Informative Gene Selection for Cancer Classification with Microarray Data Using a Metaheuristic Framework

Pyingkodi M 1,*, Thangarajan R 2
PMCID: PMC5980950  PMID: 29481013

Abstract

Objective:

Cancer diagnosis is one of the most vital emerging clinical applications of microarray data. Due to the high dimensionality, gene selection is an important step for improving expression data classification performance. There is therefore a need for effective methods to select informative genes for prediction and diagnosis of cancer. The main objective of this research was to derive a heuristic approach to select highly informative genes.

Methods:

A metaheuristic approach with a Genetic Algorithm with Levy Flight (GA-LV) was applied for classification of cancer genes in microarrays. The experimental results were analyzed with five major cancer gene expression benchmark datasets.

Result:

GA-LV proved superior to GA and statistical approaches, with 100% accuracy for the dataset for Leukemia, Lung and Lymphoma. For Prostate and Colon datasets the GA-LV was 99.5% and 99.2% accurate, respectively.

Conclusion:

The experimental results show that the proposed approach is suitable for effective gene selection with all benchmark datasets, removing irrelevant and redundant genes to improve classification accuracy.

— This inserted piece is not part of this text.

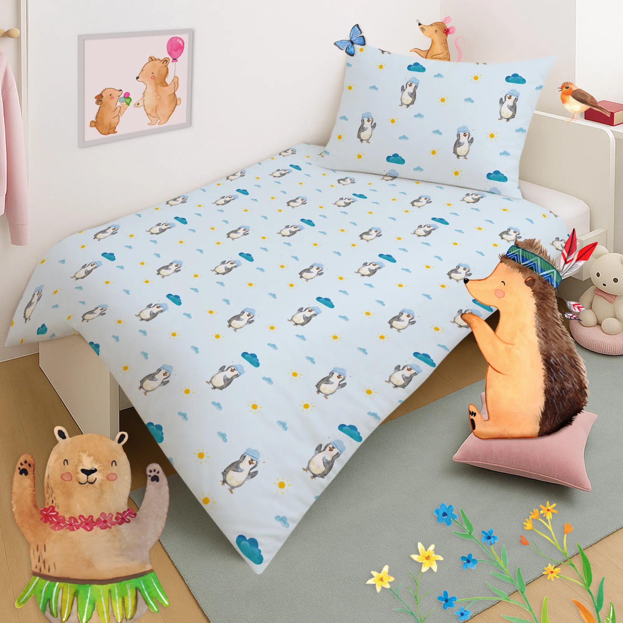 Bettwäsche Kinder Pinguin Duschen Muster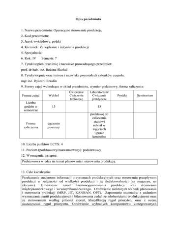 Opis przedmiotu 1. Nazwa przedmiotu: Operacyjne sterowanie produkcją 2. Kod przedmiotu: 3. Język wykładowy: polski 4. Kierunek: Zarządzanie i inŜynieria produkcji 5. Specjalność: 6. Rok: IV Semestr: 7 7. Tytuł/stopień oraz imię i nazwisko prowadzącego przedmiot: prof. dr hab. inŜ. BoŜena Skołud 8. Tytuły/stopnie oraz imiona i nazwiska pozostałych członków zespołu: mgr inŜ. Ryszard Serafin 9. Formy zajęć wchodzące w skład przedmiotu, wymiar godzinowy, forma zaliczenia: Ćwiczenia/ Ćwiczenia tablicowe Laboratorium/ Ćwiczenia praktyczne Forma zajęć Wykład Liczba godzin w semestrze 15 15 egzamin pisemny podstawę do zaliczenia stanowi udział w zajęciach i prace kontrolne Forma zaliczenia Projekt Seminarium 10. Liczba punktów ECTS: 4 11. Poziom (podstawowy/zaawansowany): podstawowy 12. Wymagania wstępne: Podstawowa wiedza na temat planowania i sterowania produkcją. 13. Cele kształcenia: Przekazanie studentom informacji o systemach produkcyjnych oraz sterowaniu przepływem produkcji w zaleŜności od wielkości produkcji i jej dedykowalności (na magazyn, na zlecenie). Omówienie zasad harmonogramowania produkcji oraz sterowania międzykomórkowego i wewnątrzkomórkowego. Omówienie niektórych technik planowania i sterowania produkcji (MRP, JIT, KANBAN, OPT). Zapoznanie studentów z zadaniem wyznaczania partii produkcyjnych i bilansowania zadań ze zdolnościami produkcyjnymi oraz ze sterowaniem według pilności zleceń, klasyfikacją reguł priorytetu oraz z oceną skuteczności reguł priorytetu. Omówienie wybranych komputerowo zintegrowanych systemów planowania i sterowania produkcją (np. CDN XL, IFS). 14. Opis treści kształcenia w ramach poszczególnych form zajęć: 14.1. Wykład: Harmonogramowanie Zasady tworzenia harmonogramu. Metody międzykomórkowego sterowania przepływem produkcji. Metody wewnątrzkomórkowego sterowania przepływem produkcji. Sterowanie operacyjne: szeregowanie wejściowe części, szeregowanie operacji, szeregowanie zamocowań. Zasady sterowania przepływem produkcji. Sformułowanie zadania harmonogramowania oraz klasyfikacja zadań harmonogramowania. Ogólne zadanie wyznaczania partii produkcyjnych i obciąŜenia maszyn. Sterowanie według pilności zleceń. Klasyfikacja reguł priorytetu. Ocena skuteczności reguł priorytetu. Typy, formy o odmiany organizacji produkcji, planowanie i sterowanie produkcją (MRP, JIT, KANBAN, OPT). 14.2. Ćwiczenia/Ćwiczenia tablicowe: 14.3. Laboratorium/ Ćwiczenia praktyczne: Omówienie modułowej budowy zintegrowanych systemów do zarządzania przedsiębiorstwem. Zajęcia laboratoryjne bazujące na module wspomagającym planowanie i sterowanie produkcji. Omówienie przeznaczenia modułu „Produkcja CDN XL”. Definiowanie receptur dot. produktów, składników, robocizny, materiałów ubocznych. Definiowanie listy zleceń kompletacji/dekompletacji. Tworzenie dokumentu zlecenia oraz jego predekretacja i księgowanie. Sposoby realizacji i rozliczeń zleceń. Definiowanie raportów o stopniu realizacji zleceń produkcyjnych, braków, historii towarów i kontrahentów. 14.4. Projekt: 14.5. Seminarium: 15. Literatura podstawowa: Wróblewski K. Podstawy sterowania przepływem produkcji, Warszawa, WNT, 1993. Durlik I., InŜynieria zarządzania: strategia i projektowanie systemów produkcyjnych. Cz. 1., Warszawa, Plecet, 2000. Durlik I., InŜynieria zarządzania: strategia i projektowanie systemów produkcyjnych. Cz.2., Warszawa, Plecet, 2000. Brzeziński M, Organizacja i sterowanie produkcją: projektowanie systemów produkcyjnych i procesów sterowania produkcją, Warszawa, Placet, 2002. 16. Literatura towarzysząca: Muhlemann A.P., Zarządzanie: produkcja i usługi, Warszawa, PWN, 2001.

Keywords: Cancer diagnosis, gene treatments, genomics, gene expression data-genetic algorithm-classification

Introduction

Recent and rapid growth in DNA microarray technology help the researchers to analyze the expression of thousand of genes in a single experiment quickly and in an efficient manner (Shalon et al., 1996; Balamurugan et al., 2017). Gene expression profiling by microarray method has appeared as a capable technique for classification and diagnostic prediction of cancer. A typical Deoxyribonucleic acid (DNA) microarray analysis involves a multi-step procedure: Specific genes are represented by fabrication of microarrays which has properly designed oligonucleotides; hybridization of cDNA populations onto the microarray; scanning hybridization signals and image analysis; transformation and normalization of data; and analyzing data to detect differentially expressed genes as well as the sets of genes that are co regulated (BilBan et al., 2009). However, microarray dataset suffers from the curse of dimensionality, the limited number of samples, and the irrelevant and noise genes, all of which make the classification task for a given sample more challenging (Balamurugan et al., 2016).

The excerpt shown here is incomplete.